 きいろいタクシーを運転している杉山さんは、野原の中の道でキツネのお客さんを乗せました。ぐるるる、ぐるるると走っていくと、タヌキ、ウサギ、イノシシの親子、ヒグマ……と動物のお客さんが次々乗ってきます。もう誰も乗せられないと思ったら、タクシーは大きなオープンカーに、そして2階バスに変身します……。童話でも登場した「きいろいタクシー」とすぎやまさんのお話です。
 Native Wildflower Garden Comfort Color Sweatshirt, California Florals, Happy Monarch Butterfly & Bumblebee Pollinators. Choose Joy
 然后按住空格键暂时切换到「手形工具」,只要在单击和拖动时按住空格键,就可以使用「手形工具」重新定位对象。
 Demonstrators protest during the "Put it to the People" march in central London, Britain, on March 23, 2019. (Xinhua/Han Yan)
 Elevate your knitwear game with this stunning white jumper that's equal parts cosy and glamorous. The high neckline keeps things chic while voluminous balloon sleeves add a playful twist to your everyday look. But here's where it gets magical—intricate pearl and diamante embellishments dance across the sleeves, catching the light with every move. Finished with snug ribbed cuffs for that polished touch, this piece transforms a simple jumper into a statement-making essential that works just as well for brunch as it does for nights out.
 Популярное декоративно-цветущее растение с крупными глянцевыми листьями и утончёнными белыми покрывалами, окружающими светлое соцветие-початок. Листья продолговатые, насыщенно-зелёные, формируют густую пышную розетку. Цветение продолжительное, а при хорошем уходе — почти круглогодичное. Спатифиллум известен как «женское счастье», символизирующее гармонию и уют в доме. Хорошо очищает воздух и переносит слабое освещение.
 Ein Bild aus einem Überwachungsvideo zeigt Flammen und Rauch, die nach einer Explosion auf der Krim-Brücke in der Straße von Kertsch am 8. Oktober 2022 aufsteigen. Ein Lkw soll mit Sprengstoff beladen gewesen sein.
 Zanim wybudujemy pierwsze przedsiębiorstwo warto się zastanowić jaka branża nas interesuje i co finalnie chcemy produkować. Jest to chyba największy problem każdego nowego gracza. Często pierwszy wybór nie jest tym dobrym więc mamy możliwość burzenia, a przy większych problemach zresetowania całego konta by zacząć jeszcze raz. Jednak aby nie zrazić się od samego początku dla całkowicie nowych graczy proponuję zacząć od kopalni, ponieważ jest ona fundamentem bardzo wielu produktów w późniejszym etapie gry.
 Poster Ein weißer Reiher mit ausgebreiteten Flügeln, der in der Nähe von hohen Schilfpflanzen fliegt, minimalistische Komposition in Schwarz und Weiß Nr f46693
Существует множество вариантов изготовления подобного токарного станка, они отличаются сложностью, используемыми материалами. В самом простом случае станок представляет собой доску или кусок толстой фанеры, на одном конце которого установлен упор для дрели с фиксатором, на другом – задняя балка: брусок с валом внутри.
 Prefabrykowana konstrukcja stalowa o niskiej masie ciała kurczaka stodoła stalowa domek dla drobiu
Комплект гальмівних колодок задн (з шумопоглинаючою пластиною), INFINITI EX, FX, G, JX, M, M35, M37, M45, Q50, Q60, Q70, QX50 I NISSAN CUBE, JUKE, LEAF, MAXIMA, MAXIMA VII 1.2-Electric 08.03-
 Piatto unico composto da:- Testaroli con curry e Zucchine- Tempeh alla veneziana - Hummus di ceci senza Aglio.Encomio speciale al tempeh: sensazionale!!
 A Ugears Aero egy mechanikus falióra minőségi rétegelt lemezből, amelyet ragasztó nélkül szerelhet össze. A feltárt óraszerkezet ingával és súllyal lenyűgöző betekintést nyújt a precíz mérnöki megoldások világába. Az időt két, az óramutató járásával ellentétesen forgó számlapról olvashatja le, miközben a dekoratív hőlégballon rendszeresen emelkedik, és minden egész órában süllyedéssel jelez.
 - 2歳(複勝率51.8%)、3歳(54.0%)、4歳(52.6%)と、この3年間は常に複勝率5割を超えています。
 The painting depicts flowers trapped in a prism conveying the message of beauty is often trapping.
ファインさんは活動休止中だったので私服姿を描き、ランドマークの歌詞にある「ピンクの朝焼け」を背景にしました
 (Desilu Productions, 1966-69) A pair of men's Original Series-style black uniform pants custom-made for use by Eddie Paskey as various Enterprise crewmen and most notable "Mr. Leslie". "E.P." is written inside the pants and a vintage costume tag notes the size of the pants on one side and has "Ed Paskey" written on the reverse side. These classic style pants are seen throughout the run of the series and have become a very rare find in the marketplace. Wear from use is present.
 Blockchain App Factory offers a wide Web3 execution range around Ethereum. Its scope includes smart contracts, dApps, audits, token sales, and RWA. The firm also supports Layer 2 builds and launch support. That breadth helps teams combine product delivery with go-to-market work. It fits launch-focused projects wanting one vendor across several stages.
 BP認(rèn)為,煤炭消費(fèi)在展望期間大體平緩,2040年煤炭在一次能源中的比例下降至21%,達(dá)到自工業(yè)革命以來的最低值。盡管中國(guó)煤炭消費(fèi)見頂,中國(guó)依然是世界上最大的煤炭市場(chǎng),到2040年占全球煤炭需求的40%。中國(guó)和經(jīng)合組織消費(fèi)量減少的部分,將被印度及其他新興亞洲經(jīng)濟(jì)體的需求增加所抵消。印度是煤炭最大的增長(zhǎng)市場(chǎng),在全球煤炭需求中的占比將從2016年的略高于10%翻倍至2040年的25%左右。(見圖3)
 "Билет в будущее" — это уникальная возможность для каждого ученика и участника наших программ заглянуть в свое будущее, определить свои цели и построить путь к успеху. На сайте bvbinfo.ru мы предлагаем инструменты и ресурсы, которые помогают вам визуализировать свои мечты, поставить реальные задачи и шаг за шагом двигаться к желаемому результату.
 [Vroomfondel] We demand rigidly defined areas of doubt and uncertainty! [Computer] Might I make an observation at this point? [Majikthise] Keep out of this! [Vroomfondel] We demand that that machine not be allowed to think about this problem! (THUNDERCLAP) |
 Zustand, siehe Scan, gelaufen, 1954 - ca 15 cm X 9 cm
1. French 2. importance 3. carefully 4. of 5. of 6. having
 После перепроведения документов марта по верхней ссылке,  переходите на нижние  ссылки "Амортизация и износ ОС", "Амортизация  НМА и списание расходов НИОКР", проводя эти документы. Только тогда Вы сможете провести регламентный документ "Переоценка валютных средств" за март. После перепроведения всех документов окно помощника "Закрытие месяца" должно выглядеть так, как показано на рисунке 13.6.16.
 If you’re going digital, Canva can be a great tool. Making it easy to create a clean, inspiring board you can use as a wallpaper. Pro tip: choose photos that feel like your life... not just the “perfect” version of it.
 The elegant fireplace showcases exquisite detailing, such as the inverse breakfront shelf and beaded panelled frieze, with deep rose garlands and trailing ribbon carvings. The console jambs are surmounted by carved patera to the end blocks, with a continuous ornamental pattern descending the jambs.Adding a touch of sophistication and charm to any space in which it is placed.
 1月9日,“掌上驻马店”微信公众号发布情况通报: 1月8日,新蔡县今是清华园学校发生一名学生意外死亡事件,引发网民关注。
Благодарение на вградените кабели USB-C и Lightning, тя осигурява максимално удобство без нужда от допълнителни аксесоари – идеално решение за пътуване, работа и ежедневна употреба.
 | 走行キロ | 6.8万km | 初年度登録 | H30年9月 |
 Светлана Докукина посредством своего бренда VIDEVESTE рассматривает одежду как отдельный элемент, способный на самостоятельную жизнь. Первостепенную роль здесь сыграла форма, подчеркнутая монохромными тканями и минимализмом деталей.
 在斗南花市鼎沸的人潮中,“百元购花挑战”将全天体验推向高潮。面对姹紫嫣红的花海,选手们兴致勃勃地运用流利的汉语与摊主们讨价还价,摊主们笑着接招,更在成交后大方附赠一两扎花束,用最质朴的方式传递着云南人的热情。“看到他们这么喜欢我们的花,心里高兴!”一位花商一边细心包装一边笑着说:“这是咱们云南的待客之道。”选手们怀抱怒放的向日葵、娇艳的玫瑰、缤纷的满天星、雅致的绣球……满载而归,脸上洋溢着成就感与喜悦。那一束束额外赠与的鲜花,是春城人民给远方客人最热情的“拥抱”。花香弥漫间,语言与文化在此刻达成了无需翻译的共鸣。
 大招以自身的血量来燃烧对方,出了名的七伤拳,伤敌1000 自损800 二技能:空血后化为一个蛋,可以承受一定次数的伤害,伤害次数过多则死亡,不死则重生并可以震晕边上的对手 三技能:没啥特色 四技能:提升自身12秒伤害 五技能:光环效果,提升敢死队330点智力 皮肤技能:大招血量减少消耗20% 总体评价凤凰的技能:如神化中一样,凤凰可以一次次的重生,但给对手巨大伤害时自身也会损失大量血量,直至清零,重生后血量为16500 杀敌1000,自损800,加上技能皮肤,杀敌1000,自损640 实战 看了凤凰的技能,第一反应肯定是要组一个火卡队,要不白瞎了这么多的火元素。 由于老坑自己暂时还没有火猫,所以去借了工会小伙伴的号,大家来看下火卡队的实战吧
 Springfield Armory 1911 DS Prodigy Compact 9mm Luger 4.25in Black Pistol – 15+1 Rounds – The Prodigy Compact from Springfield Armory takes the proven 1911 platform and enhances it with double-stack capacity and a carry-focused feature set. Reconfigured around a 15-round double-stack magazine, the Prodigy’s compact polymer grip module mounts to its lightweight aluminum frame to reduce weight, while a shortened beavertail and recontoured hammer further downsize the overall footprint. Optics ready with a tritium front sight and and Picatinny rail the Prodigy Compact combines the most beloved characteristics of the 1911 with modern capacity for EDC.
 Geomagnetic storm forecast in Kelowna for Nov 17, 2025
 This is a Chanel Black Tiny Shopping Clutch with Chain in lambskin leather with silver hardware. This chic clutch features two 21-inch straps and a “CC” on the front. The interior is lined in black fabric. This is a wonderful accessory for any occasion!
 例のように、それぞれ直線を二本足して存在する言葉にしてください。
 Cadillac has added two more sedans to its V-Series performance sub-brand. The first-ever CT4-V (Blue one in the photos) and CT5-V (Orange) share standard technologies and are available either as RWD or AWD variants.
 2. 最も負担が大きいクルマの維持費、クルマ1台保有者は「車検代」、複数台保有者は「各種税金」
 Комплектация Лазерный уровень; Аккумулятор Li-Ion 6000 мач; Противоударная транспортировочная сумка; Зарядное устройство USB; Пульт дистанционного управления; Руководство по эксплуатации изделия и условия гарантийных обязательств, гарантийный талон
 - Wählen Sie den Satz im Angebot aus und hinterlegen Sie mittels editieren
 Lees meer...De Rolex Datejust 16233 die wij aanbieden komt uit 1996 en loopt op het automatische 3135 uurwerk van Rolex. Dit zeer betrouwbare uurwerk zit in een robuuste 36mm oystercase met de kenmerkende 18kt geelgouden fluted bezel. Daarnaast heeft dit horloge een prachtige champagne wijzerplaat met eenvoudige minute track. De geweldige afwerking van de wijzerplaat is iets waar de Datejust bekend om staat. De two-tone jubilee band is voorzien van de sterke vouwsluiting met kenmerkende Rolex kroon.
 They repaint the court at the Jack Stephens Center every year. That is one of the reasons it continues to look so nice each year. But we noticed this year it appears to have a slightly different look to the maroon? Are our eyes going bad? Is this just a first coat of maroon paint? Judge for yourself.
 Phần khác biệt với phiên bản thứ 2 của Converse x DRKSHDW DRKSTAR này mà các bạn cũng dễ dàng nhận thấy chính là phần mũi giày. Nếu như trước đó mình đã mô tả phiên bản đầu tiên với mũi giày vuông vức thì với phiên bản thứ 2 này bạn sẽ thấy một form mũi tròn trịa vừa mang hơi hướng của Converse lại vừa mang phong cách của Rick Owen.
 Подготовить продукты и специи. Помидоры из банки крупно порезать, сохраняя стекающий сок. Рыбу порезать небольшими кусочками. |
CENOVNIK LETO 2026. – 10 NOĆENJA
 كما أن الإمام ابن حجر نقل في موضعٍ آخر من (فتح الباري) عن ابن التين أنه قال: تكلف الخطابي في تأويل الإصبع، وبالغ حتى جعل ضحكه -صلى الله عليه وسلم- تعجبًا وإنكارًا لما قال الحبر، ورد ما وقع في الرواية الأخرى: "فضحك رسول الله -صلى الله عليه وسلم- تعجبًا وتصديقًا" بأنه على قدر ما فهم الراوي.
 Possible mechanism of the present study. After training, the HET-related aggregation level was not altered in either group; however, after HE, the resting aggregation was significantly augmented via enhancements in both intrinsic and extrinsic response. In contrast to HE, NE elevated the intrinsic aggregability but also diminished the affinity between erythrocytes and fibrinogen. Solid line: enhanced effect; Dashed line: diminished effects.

[WHAT THE EXERCISE ASKS] Going back to the entries above, set down exactly the lines that begin at the one with "BP認(rèn)為,煤炭消費" and end at the one with "初年度登録 | H30年9月 |", both included, and nothing else.

[SOLUTION TO THIS EXERCISE]
 BP認(rèn)為,煤炭消費(fèi)在展望期間大體平緩,2040年煤炭在一次能源中的比例下降至21%,達(dá)到自工業(yè)革命以來的最低值。盡管中國(guó)煤炭消費(fèi)見頂,中國(guó)依然是世界上最大的煤炭市場(chǎng),到2040年占全球煤炭需求的40%。中國(guó)和經(jīng)合組織消費(fèi)量減少的部分,將被印度及其他新興亞洲經(jīng)濟(jì)體的需求增加所抵消。印度是煤炭最大的增長(zhǎng)市場(chǎng),在全球煤炭需求中的占比將從2016年的略高于10%翻倍至2040年的25%左右。(見圖3)
 "Билет в будущее" — это уникальная возможность для каждого ученика и участника наших программ заглянуть в свое будущее, определить свои цели и построить путь к успеху. На сайте bvbinfo.ru мы предлагаем инструменты и ресурсы, которые помогают вам визуализировать свои мечты, поставить реальные задачи и шаг за шагом двигаться к желаемому результату.
 [Vroomfondel] We demand rigidly defined areas of doubt and uncertainty! [Computer] Might I make an observation at this point? [Majikthise] Keep out of this! [Vroomfondel] We demand that that machine not be allowed to think about this problem! (THUNDERCLAP) |
 Zustand, siehe Scan, gelaufen, 1954 - ca 15 cm X 9 cm
1. French 2. importance 3. carefully 4. of 5. of 6. having
 После перепроведения документов марта по верхней ссылке,  переходите на нижние  ссылки "Амортизация и износ ОС", "Амортизация  НМА и списание расходов НИОКР", проводя эти документы. Только тогда Вы сможете провести регламентный документ "Переоценка валютных средств" за март. После перепроведения всех документов окно помощника "Закрытие месяца" должно выглядеть так, как показано на рисунке 13.6.16.
 If you’re going digital, Canva can be a great tool. Making it easy to create a clean, inspiring board you can use as a wallpaper. Pro tip: choose photos that feel like your life... not just the “perfect” version of it.
 The elegant fireplace showcases exquisite detailing, such as the inverse breakfront shelf and beaded panelled frieze, with deep rose garlands and trailing ribbon carvings. The console jambs are surmounted by carved patera to the end blocks, with a continuous ornamental pattern descending the jambs.Adding a touch of sophistication and charm to any space in which it is placed.
 1月9日,“掌上驻马店”微信公众号发布情况通报: 1月8日,新蔡县今是清华园学校发生一名学生意外死亡事件,引发网民关注。
Благодарение на вградените кабели USB-C и Lightning, тя осигурява максимално удобство без нужда от допълнителни аксесоари – идеално решение за пътуване, работа и ежедневна употреба.
 | 走行キロ | 6.8万km | 初年度登録 | H30年9月 |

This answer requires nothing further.